Nobody ever accused the Royal Bastards of being subtle. Friday night, and the clubhouse sounded like a NASCAR wreck in the middle of a tractor pull, smoke thick enough to hang coats on, the air vibrating with a hundred stupid bets, cackles, and the kind of laughter you hear in a place where violence is always two beers away.

I was wedged between Vin and Moab at a scarred-up oak table, the surface sticky with years of spilled whiskey and whatever DNA the regulars could scrape off the bottoms of their boots. The place reeked of malt, sweat, and chain grease. Red was behind the bar, slamming shots into glasses, giving the occasional handsy club brother a tongue-lashing so fierce you’d think her day job was field-dressing bears. We were keeping our heads down. That was the plan, anyway.

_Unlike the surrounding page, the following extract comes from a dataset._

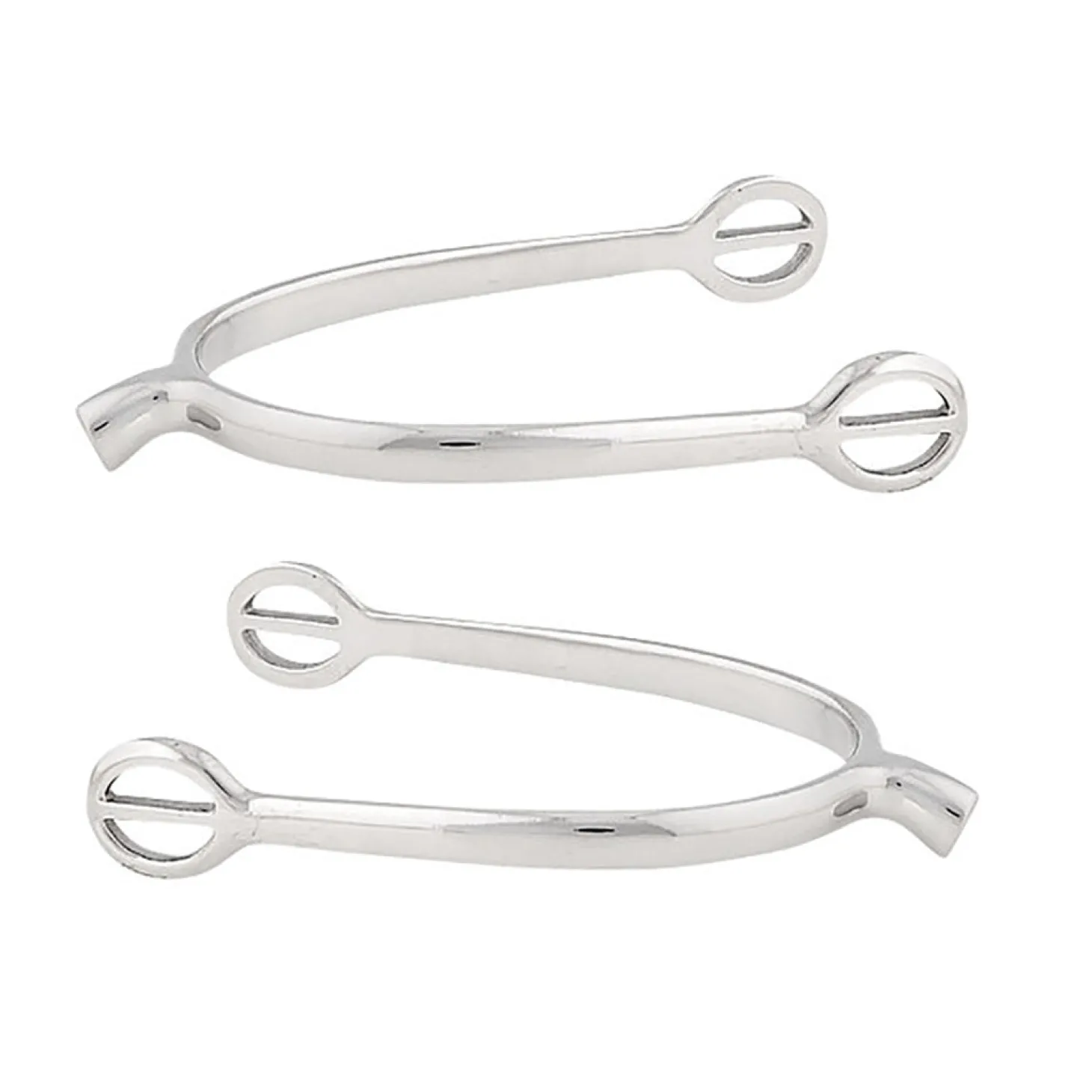 Suffolk™ Children’s Tom Thumb Spurs in stainless steel are sized to fit kids’ boots. 1/4″ neck. Pair.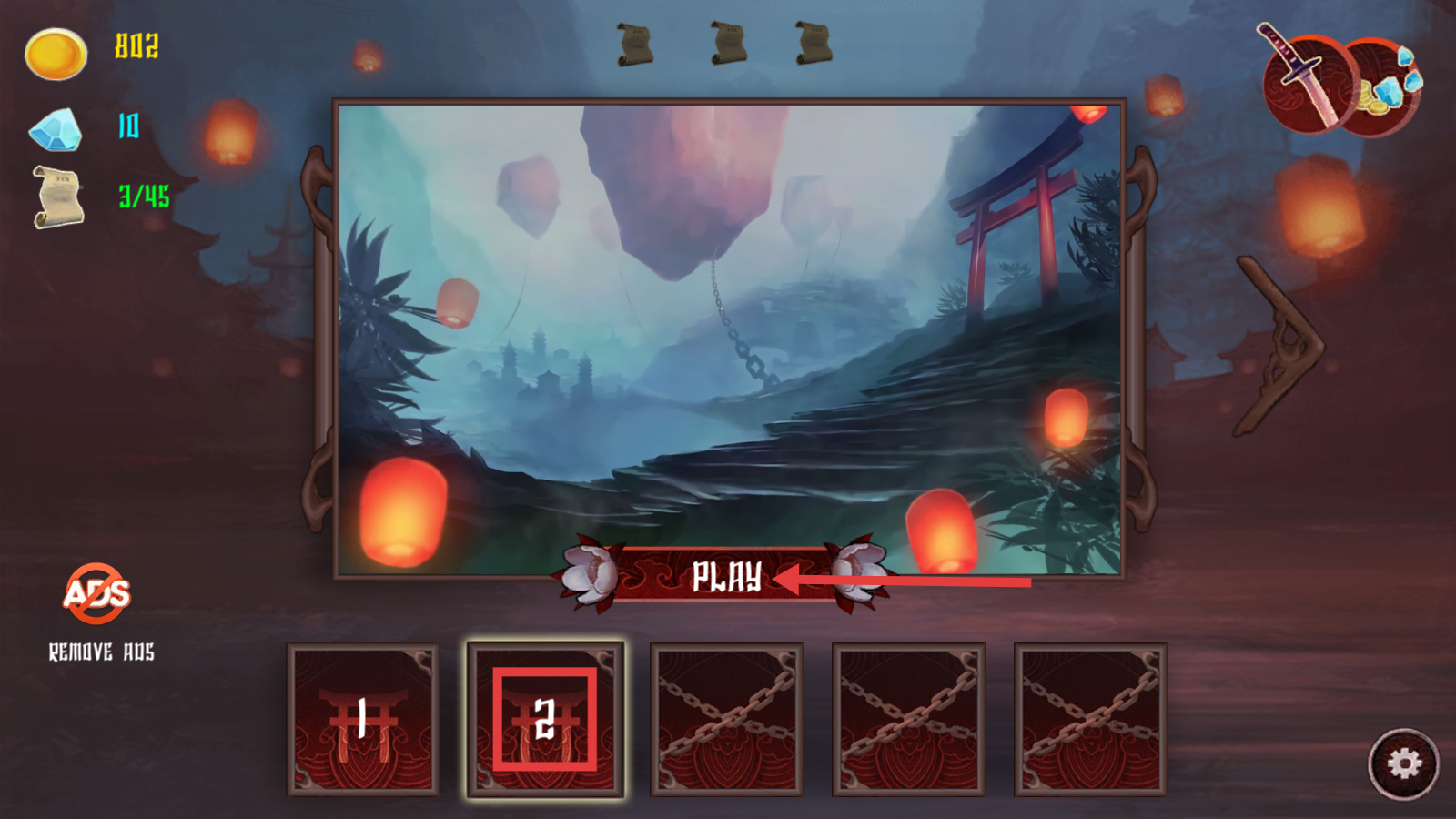1、主界面选【关卡2】,点击【PLAY】,初始资源(802金币、10钻石、3卷轴)开局,快速进入战斗。

Vin looked like a busted transmission—idle but coiled. His eyes, those cold shark things, flickered every time the front doorcreaked. I just nursed a Black Tooth Grin and let the noise eat at my nerves. Every bone in my body said to run, but the bastard inside me wanted to see who came through that door.

When it slammed open, the whole room dropped a decibel. Detective Amelia Carter barreled in, trenching muddy footprints across the linoleum, rain still spitting off her leather jacket. She didn’t hesitate, didn’t flinch at the wall of bikers sizing her up. She locked eyes with Vin, then looked to me.

“Could you all stop circle-jerking for five seconds?” she barked, her voice like gravel in a cement mixer. “I need the adults.”

Vin gave her the smile he reserved for narcs and debt collectors. “I only see one, Carter, and she’s standing in a puddle.”

She snorted, yanked a chair backwards, and threw herself into it so hard the legs shrieked across the floor. Her eyes darted around the table, face set in the same expression I’d seen on cornered dogs and first-day COs—don’t fuck with me, I bite.

She dropped a manila folder on the table with a thunk. Beer bottles rattled. “You three get the Cliff’s Notes, the rest can fuck off.”

Vin jerked his chin at the hangers-on, and they scattered, grumbling. Heather lingered just long enough to shoot Carter a death glare before flipping a double bird and heading back behind the bar.

I waited. Nobody said a word. The only sound was the whirr of the busted neon over the pool table and the rain tap-dancing on the roof.

Carter snapped the folder open. A stack of 8x10 glossies, reports, printouts, all crammed in as if she’d been told to bury the evidence before it went cold. She fanned out the top sheet, turned it so we could all see.